(WHAT TO DO):
From the data below, retype exactly the lines starting with the one that contains "Keywords: ISO 13628-5:2009, subsea" and ending with the one that contains "집으로 배송된 선거공보를", both included.

(DATA RECORDS):
__________
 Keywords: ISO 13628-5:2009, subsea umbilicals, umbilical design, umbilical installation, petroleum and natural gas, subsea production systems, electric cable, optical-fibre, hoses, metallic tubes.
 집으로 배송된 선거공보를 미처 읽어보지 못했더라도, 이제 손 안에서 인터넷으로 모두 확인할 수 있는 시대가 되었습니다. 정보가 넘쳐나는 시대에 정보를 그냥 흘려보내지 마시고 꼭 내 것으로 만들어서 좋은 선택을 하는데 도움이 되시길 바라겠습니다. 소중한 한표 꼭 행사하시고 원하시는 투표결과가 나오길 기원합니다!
__________
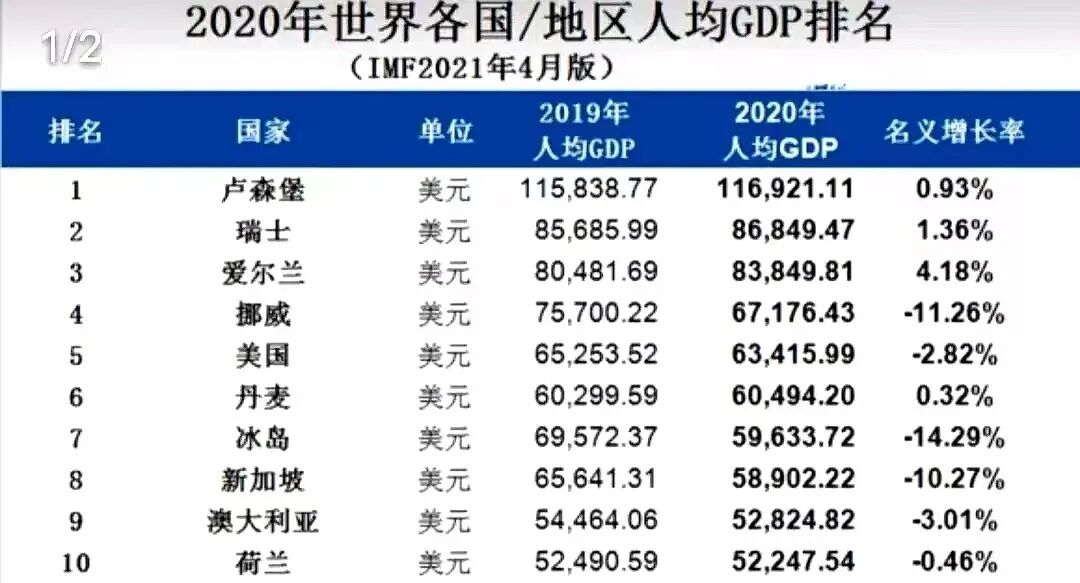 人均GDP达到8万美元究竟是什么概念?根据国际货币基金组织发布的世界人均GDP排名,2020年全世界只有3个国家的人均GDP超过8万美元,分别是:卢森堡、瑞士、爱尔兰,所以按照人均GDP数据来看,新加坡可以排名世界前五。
__________
(TASK ANSWER):
 Keywords: ISO 13628-5:2009, subsea umbilicals, umbilical design, umbilical installation, petroleum and natural gas, subsea production systems, electric cable, optical-fibre, hoses, metallic tubes.
 집으로 배송된 선거공보를 미처 읽어보지 못했더라도, 이제 손 안에서 인터넷으로 모두 확인할 수 있는 시대가 되었습니다. 정보가 넘쳐나는 시대에 정보를 그냥 흘려보내지 마시고 꼭 내 것으로 만들어서 좋은 선택을 하는데 도움이 되시길 바라겠습니다. 소중한 한표 꼭 행사하시고 원하시는 투표결과가 나오길 기원합니다!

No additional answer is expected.